L'affaire est « un complot », « une machination », « une entreprise de déstabilisation vis-à-vis de Renault », à en croire les accusés. Mais pourquoi l'un d'eux se serait-il alors précipité, dès sa mise à pied, chez de grands avocats pénalistes de la place parisienne, s'il n'avait aucune idée des éléments dont pourrait disposer Renault ? Sauf à prendre des risques démesurés, il paraît inconcevable que l'entreprise ait monté de toutes pièces une histoire aussi rocambolesque. « Les éléments qui nous ont conduits à agir sont d'une extrême gravité », insiste-t-on chez le constructeur.

Maintenant, c'est à la justice de mener ses investigations.

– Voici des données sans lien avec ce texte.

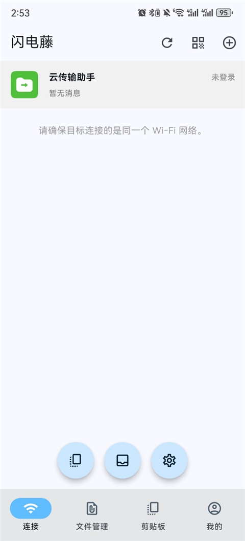 如果设备没有自动连接,可以在闪电藤App的主页右上角找到扫码功能。通过扫描另一台设备上的二维码,即可快速建立连接。
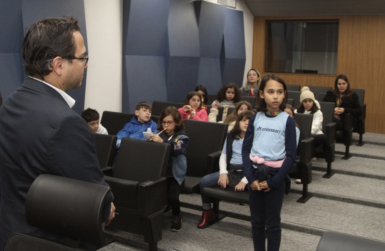 Alunos do 4º ano do Colégio Maria Montessori visitaram o Poder Legislativo durante a manhã desta sexta-feira (16) e foram acompanhados pelo deputado Pedrossian Neto
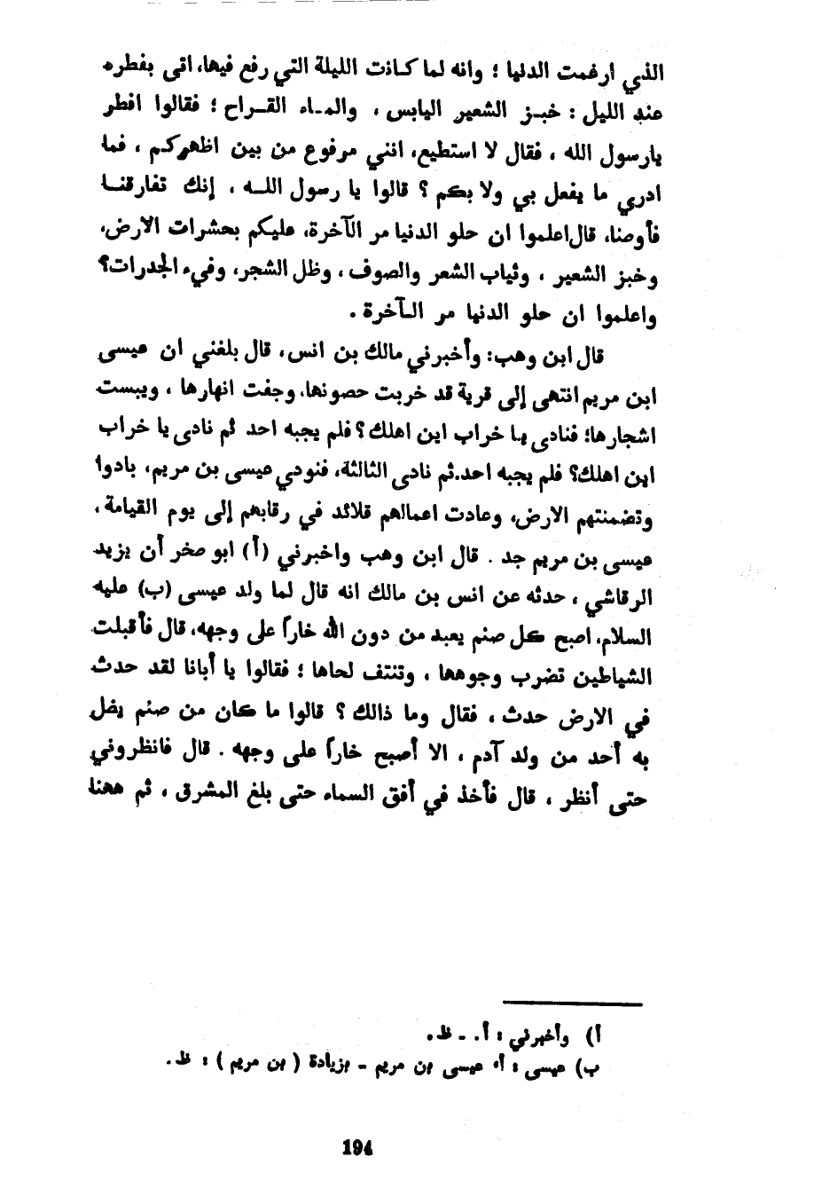 الذي أرغمت الدنيا وإنه لما كانت اللَّيْلَةُ الَّتِي رُفِعَ فِيهَا أَتَى بِفِطْرِهِ عِنْدَ اللَّيْلِ خُبْزُ الشَّعِيرِ الْيَابِسِ وَالْمَاءُ الْقِرَاحِ فَقَالُوا افْطِرْ يَا رَسُولَ اللَّهِ فَقَالَ لَا أَسْتَطِيعُ إنني مرفوع من بين أظهركم فيما أَدْرِي مَا يَفْعَلُ بِي وَلَا بِكُمْ قَالُوا يَا رَسُولَ اللَّهِ إِنَّكَ تُفَارِقُنَا فَأَوْصِنَا قَالَ اعْلَمُوا أَنَّ حُلْوَ الدُّنْيَا مُرَّ الْآخِرَةِ عَلَيْكُمْ بِحَشَرَاتِ الْأَرْضِ وَخُبْزِ الشَّعِيرِ وَثِيَابِ الشَّعْرِ وَالصُّوفِ وَظِلِّ الشَّجَرِ وَفَيْءِ الْجَدَرَاتِ وَاعْلَمُوا أَنَّ حُلْوَ الدُّنْيَا مُرُّ الْآخِرَةِ قَالَ ابْنُ وَهْبٍ وَأَخْبَرَنِي مَالِكُ بْنُ أَنَسٍ قَالَ بَلَغَنِي أَنَّ عِيسَى بْنَ مَرْيَمَ انْتَهَى إِلَى قَرْيَةٍ قَدْ خَرِبَتْ حُصُونُهَا وَجَفَّتْ أَنْهَارُهَا وَيَبِسَتْ أَشْجَارُهَا فَنَادَى يَا خراب أين أهلك فلم يجبه أحد ثم نَادَى يَا خَرَابُ أَيْنَ أَهْلُكَ فَلَمْ يُجِبْهُ أَحَدٌ ثُمَّ نَادَى الثَّالِثَةَ فَنُودِيَ عِيسَى بْنُ مَرْيَمَ بَادُوا وَتَضَمَّنَتْهُمُ الْأَرْضُ وَعَادَتْ أَعْمَالُهُمْ قَلَائِدَ فِي رِقَابِهِمْ إِلَى يَوْمِ الْقِيَامَةِ عِيسَى بْنُ مَرْيَمَ جدٌّ قَالَ ابْنُ وَهْبٍ وَأَخْبَرَنِي أَبُو صَخْرٍ أَنَّ يَزِيدَ الرَّقَاشِيَّ حَدَّثَهُ عَنْ أَنَسِ بْنِ مَالِكٍ أَنَّهُ قَالَ لَمَّا وُلِدَ عِيسَى عَلَيْهِ السَّلَامُ أَصْبَحَ كُلُّ صَنَمٍ يُعْبَدُ مِنْ دُونِ اللَّهِ خَارًّا عَلَى وَجْهِهِ قَالَ فَأَقْبَلَتِ الشَّيَاطِينُ تَضْرِبُ وُجُوهَهَا وَتَنْتِفُ لِحَاهَا فَقَالُوا يَا أَبَانَا لَقَدْ حَدَثَ فِي الْأَرْضِ حَدَثٌ فَقَالَ وَمَا ذَلِكَ قَالُوا مَا كَانَ مِنْ صَنَمٍ يُضَلُّ بِهِ أَحَدٌ مِنْ وَلَدِ آدَمَ إِلَّا أَصْبَحَ خَارًّا عَلَى وَجْهِهِ قَالَ فَانْظُرُونِي حَتَّى أَنْظُرَ قَالَ فَأَخَذَ فِي أُفُقِ السَّمَاءِ حَتَّى بلغ المشرق ثم ههنا
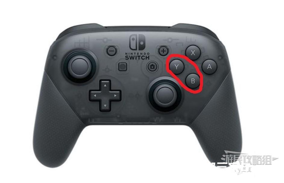 三、同时按下Y和B,尽量两个一个大拇指按下两个键。(虽然说是同时,但是B比Y要早一点点,同时按下如果成功就直接同时按,如果经常失败,就稍微B键按快一点)
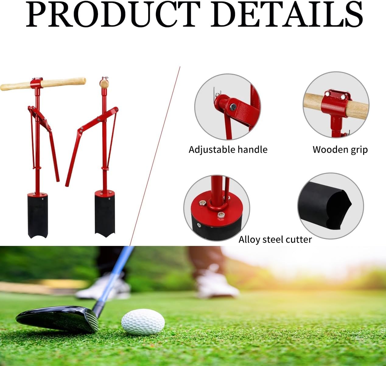 Compatto e portatile: il suo design pieghevole garantisce una comoda conservazione e trasporto, rendendolo perfetto per allenarsi al parco o in qualsiasi luogo all'aperto. Basta premere verso il basso per praticare un foro senza sforzo, consentendoti di giocare a golf ovunque e in qualsiasi momento, senza complicazioni. Design robusto e stabile: dotato di un meccanismo di giunzione a vite che si blocca saldamente in posizione, garantendo la massima stabilità per scavi accurati. Comoda impugnatura in legno: progettata con un'impugnatura in legno massello per un'esperienza d'uso comoda e affidabile, che consente di scavare con facilità e senza affaticare la mano. Costruzione: realizzato con viti di alta qualità per prestazioni durature, rendendo questo strumento una scelta affidabile per tutte le tue esigenze di allenamento del golf.
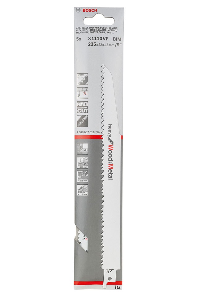 För användning med tigersågar med ett universalskaftsystem på 1/2 tum. S 1110 VF Heavy for Wood and Metal tigersågblad sågar snabbt i trä och metall. Bladet har en bred, avsmalnade kropp (22 mm) och extratjockt material (1,6 mm) som ger den optimala stabilitet som är nödvändig vid rivningsarbeten. Det sågar kontrollerat och rakt utan risk för böjning. Dess Vario-tandutformning och stora spånrum transporterar effektivt bort material och snabbar upp arbetet. Bladets fullt härdade tandrad av HSS (snabbstål) är hopfogad med bladet av högelastiskt HCS (stål med hög kolhalt) till en bimetall, som gör bladet perfekt för att såga i medelhållfast stål inkapslat i trä. Bladet har en standardlängd på 225 mm för en skärförmåga upp till 175 mm.
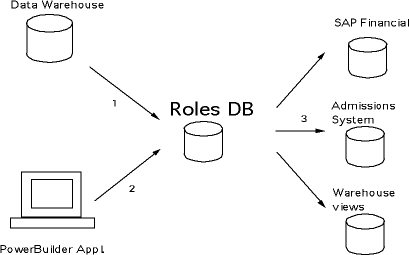 The following diagram shows the main areas where data flows into and out of the Roles Database.
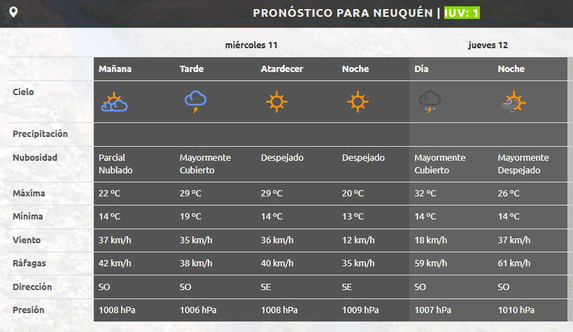 Te contamos el detalle del pronostico para la zona del Alto Valle según la AIC. Así estará la jornada en Neuquén, Cipolletti y Roca.
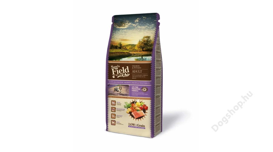 A Sam's Field lazac & burgonya Adult egy teljesértékű állateledel, valamennyi fajtájú felnőtt kutya számára.
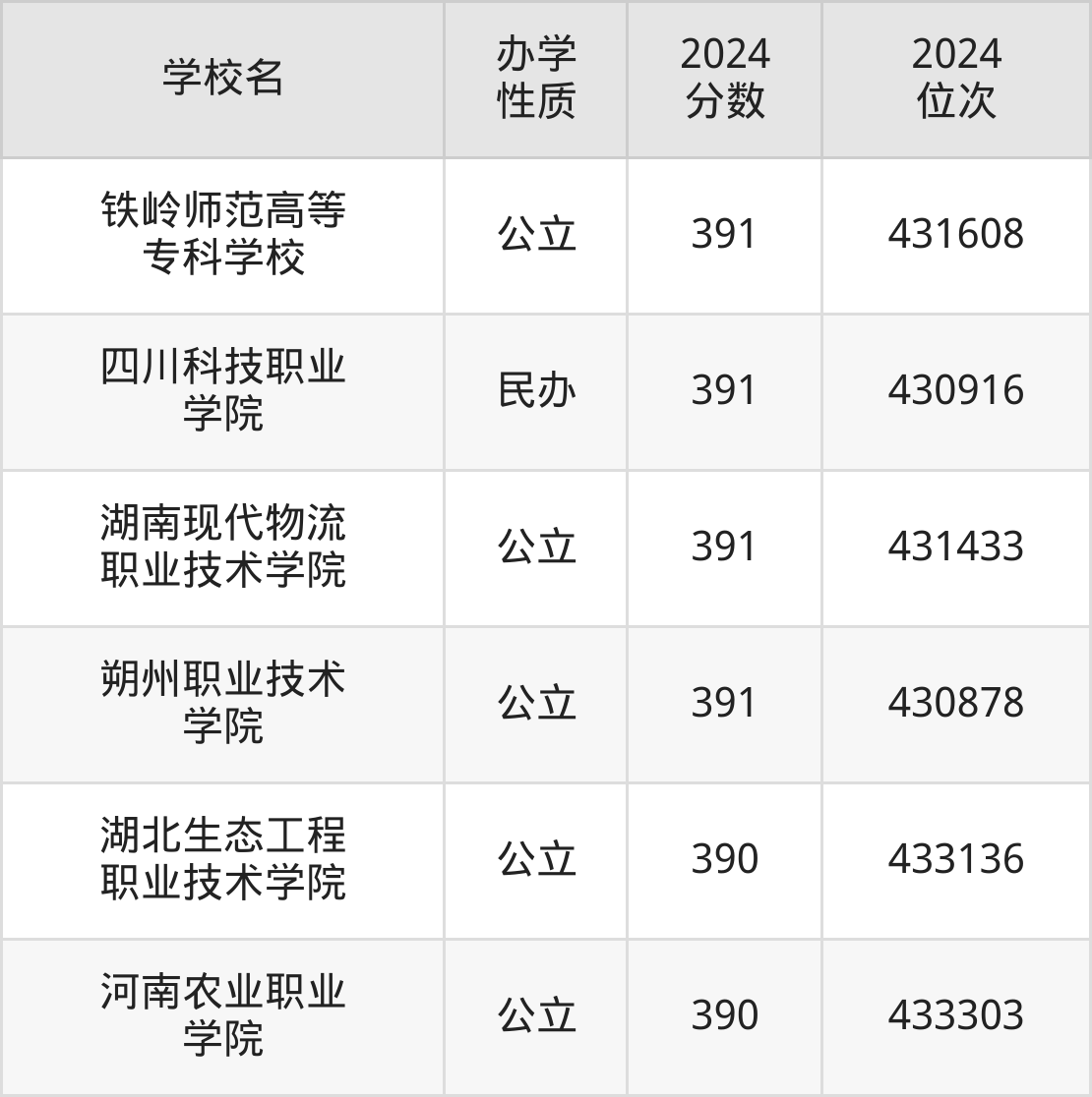 | 四川科技职业 学院 | 391 | 430916 |

La DCRI a été saisie par le parquet de Paris, qui a ouvert une enquête préliminaire après la plainte de Renault. Aucun juge d'instruction n'est saisi, les mis en cause n'ont donc, pour l'instant, aucun moyen d'avoir accès au dossier et aux preuves de Renault. Il va falloir attendre. Mais, en ne confiant que tardivement la plainte à la DCRI, Renault a singulièrement compliqué le travail des enquêteurs : « Maintenant, si les salariés ont quelque chose à se reprocher, ils vont être très prudents. Ce sera difficile de les piéger », confie l'un deux. Cela laisse du temps à Matthieu Tenenbaum, à Bertrand Rochette et à Michel Balthazard de lancer la contre-offensive judiciaire. Tous trois ont déjà saisi les prud'hommes et attaquent pour « dénonciation calomnieuse » ou « diffamation non publique ».